Brandis u. s. notes on this topic another difference which shews itself between the Topics and the Rhetoric, that whereas in the former the σύστοιχα are usually (not always) added to the πτώσεις in the treatment of it, they are here omitted, and the grammatical form of co-ordinates alone taken into account.

The use of the topic as a dialectical argument is abundantly illustrated in the Topics, in very many places, as may be seen by consulting Waitz's Index ad Organon, s. v. The principal passage on the subject is Top. B 9,—where the πτώσεις, the grammatical co-ordinates, are properly subordinated to the more extensive σύστοιχα, things which are logically co-ordinate, 114 b 34. The latter are exemplified by δικαιοσύνη, δίκαιος, δίκαιον, δικαίως. Compare A 15, 106 b 29, on the application of them to ambiguous terms, πλεοναχῶς λεγόμενα, also Γ 3, 118 a 34, Δ 3, 124 a 10, and the rest, which indicate their various applications1.

Cicero, Top. IV 12, comp. IX 38, illustrates coniugata, which is his name for Ar.'s πτώσεις, by sapiens, sapienter, sapientia; and the argument from it by, Si compascuus ager est, ius est compascere. Haec verborum coniugatio, he says, συζυγία dicitur: on which Spengel (Specim. Comm. in Ar. Lib. II 23, Heidelb. 1844) remarks, “Non Aristotelem qui semper συστοιχίαν dicit, sed posteriores, in primis Stoicos, intelligit.” In de Or. II 40. 167, they are called coniuncta.

Quintilian, who treats the topic with some contempt as hardly deserving of notice, has, Inst. Orat. V 10. 85, His illud adiicere ridiculum putarem, nisi eo Cicero uteretur, quod coniugatum vocant: ut, Eos, qui rem iustam faciant iuste facere, quod certe non eget probatione; Quod compascuum est compascere licere (from Cicero).
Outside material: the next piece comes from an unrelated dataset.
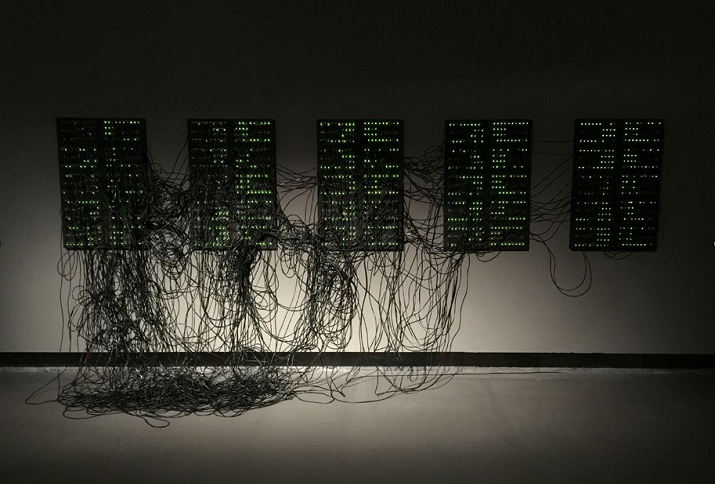 Auf dem Festival selbst stellten verschiedene Künstler im Rahmen der Ausstellung "Alien Matter" die Frage nach der selbstverständlich gewordenen, aber doch fremd gebliebenen Informationstechnologie aus einer gegenwärtigen Perspektive. Ein Großteil der Informationsinfrastrukturen liegt vom menschlichen Auge verborgen im Hintergrund, dazu gehören etwa die Übertragungskabel, Serverfarmen oder Kommunikationssatelliten im Weltall. Diese verborgenen Strukturen sichtbar zu machen, gelang den Künstlerinnen Evan Roth und Addie Wagenknecht. Roth zerrte in der "Burial Ceremony" ganze zwei Kilometer eines Glasfaserkabels ans Licht, die normalerweise tief vergraben unter der Erde liegen, gleichsam "be-erdigt". Wie von Kabeltechnikern routinemäßig in Form einer Acht auf den Boden gelegt, scheinen an dem Kunstwerk die Leibhaftigkeit wie auch die geistige Unendlichkeit des natürlich gewordenen digitalen Raumes auf. Über solche Unterseekabel läuft weltweit ein Großteil des gesamten Datenverkehrs. Verarbeitet werden die Daten in Serverfarmen, eine Referenz darauf bildet die Arbeit der US-Künstlerin Addie Wagenknecht. Ihre Wandskulptur besteht aus fünf großflächigen Platinen, verbunden von Hunderten, ineinander verschlungenen schwarzen Kabeln. Auf den Platinen blinkt eine Vielzahl grüner Statusleuchten im hektischen Takt der Datenpakete. Die Lichter erinnern sie an die Silhouette einer Großstadt aus der Ferne, die von den Kabeln und Platinen mit Daten versorgt wird. Der Clou an der Installation: Sie zeichnet im Hintergrund heimlich den Datenverkehr des W-LAN-Netzwerkes des Hauses der Kulturen der Welt auf, in dem sich die Besucher mit ihren Geräten befinden. Aber statt sie zu speichern und auszuwerten, wie das Unternehmen wie Google oder Geheimdienste wie die NSA gemacht haben, erzeugen die Daten nur das sinnlose Blinken grüner LEDs: scheinbar autonom von menschlichem Handeln und doch mit diesem auf das engste verknüpft. Unlesbar für den Menschen erzeugen sie gleichzeitig ein Gefühl der Überwachung. Fünfzehn weitere Kunstwerke führen die Frage nach technologischer Agency an ganz verschiedenen Sujets aus und erzeugen so einen kohärenten Rahmen. Die Ausstellung "Alien Matter" ist auch über die Transmediale hinaus noch bis zum 5. März 2017 im Haus der Kulturen der Welt zu sehen.

1 If I am not mistaken ὅμοιαι πτώσεις is a misnomer. If πτώσεις are the various inflexions—declensions in an extended sense—of a root-word, the term must be confined to the changes of the terminations: in these appears, not similarity, but difference: the similarity lies, not in the terminations, but in the idea or root common to all the varieties: ‘similar’ therefore, though it may very well be predicated of the σύστοιχα, is not properly applied to πτώσεις.